Untrusted XML parsing hardening (Node.js + general)¶

When you parse XML you didn't generate, treat it like a code-adjacent input format: it can be used for DoS, data exfiltration, and in some ecosystems, even RCE.

This page is a quick checklist of durable defenses that repeatedly show up in real-world advisories.

1) Prefer “safe mode”: disable entity expansion and DTDs¶

If your parser supports it, default to:

Disable DTD parsing (blocks most XXE-style issues)
Disable external entity resolution (prevents SSRF / local file reads)
Disable entity expansion (reduces “billion laughs” / amplification DoS risk)

If you must support entities:

Set strict limits (depth, total expansions, total output size)
Reject documents with a DTD unless explicitly required

2) Always treat parse as a failure-prone operation¶

A parse error should be a normal outcome for untrusted inputs.

Wrap parsing in try/catch.
Return a generic error (e.g., 400) without leaking internals.
Ensure you don’t crash the whole process (especially important in Node.js).

Why this matters (example)¶

A class of vulnerabilities is simply: “uncaught exception = remote DoS.”

For example, some XML parsers convert numeric entities into code points.
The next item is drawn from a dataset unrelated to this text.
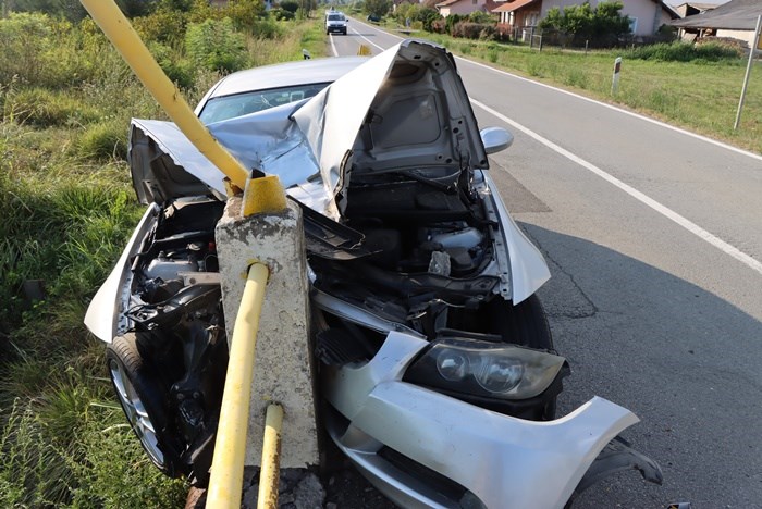 Policijski službenici su utvrdili da je 50-godišnjak upravljajući osobnim automobilom zbog ne držanja strane kretanja prešao na travnatu površinu, te prednjim dijelom automobila udario u smjerokazni stupić i betonsko metalnu ogradu mosta. Alkotestom je u organizmu vozača očitana koncentracija alkohola u iznosu od 3,95 promila (kod sebe nije imao vozačku dozvolu), te je priveden u policijsku postaju i zadržan do otriježnjenja.

If an out-of-range code point is accepted by a regex and then passed to String.fromCodePoint(), Node will throw a RangeError. If the library doesn’t catch it, your service crashes.

Mitigation: catch exceptions at the boundary (request handler / ingestion pipeline) even if you trust the library.

3) Enforce input limits before parsing¶

Before the parser runs:

Cap request body size (Content-Length and streaming limits)
Cap decompressed size (zip/gzip bombs)
Apply timeouts and per-request CPU budgets (where possible)

If you accept XML via file upload, also:

Verify file type and encoding
Normalize line endings and reject invalid encodings early

4) Do not parse XML in privileged contexts¶

Run parsers in a least-privileged runtime/container.
Keep file system access minimal.
No ambient cloud credentials.

If possible, parse in an isolated worker (separate process) so a crash doesn’t take down the API.

5) Log for triage, but don’t leak¶

Log: parser errors, size limits hit, DTD/entity usage detected.
Don’t return: stack traces, internal parser error strings, file paths.

6) Dependency hygiene for parsers¶

XML parsers tend to be “deep dependency” components.

Track them explicitly in SBOM / dependency inventory.
Patch fast on parser advisories.
Consider pinning versions and using Renovate/Dependabot with security PR auto-merge (with tests).

Example advisory¶

fast-xml-parser RangeError DoS when parsing out-of-range numeric entities (CVE-2026-25128 / GHSA-37qj-frw5-hhjh)
Fix: upgrade to fast-xml-parser v5.3.4 (or later)
Defense-in-depth: even with patched versions, keep a try/catch boundary so malformed XML can’t crash the whole Node process.

Quick checklist¶

DTD disabled (or strictly gated)
External entities disabled
Entity expansion disabled or strictly limited
Body size limits
Decompression limits
Parse wrapped in try/catch (no process crash)
Parsing isolated / least privilege
Observability: log blocks + anomalies
Rapid patch process for parser advisories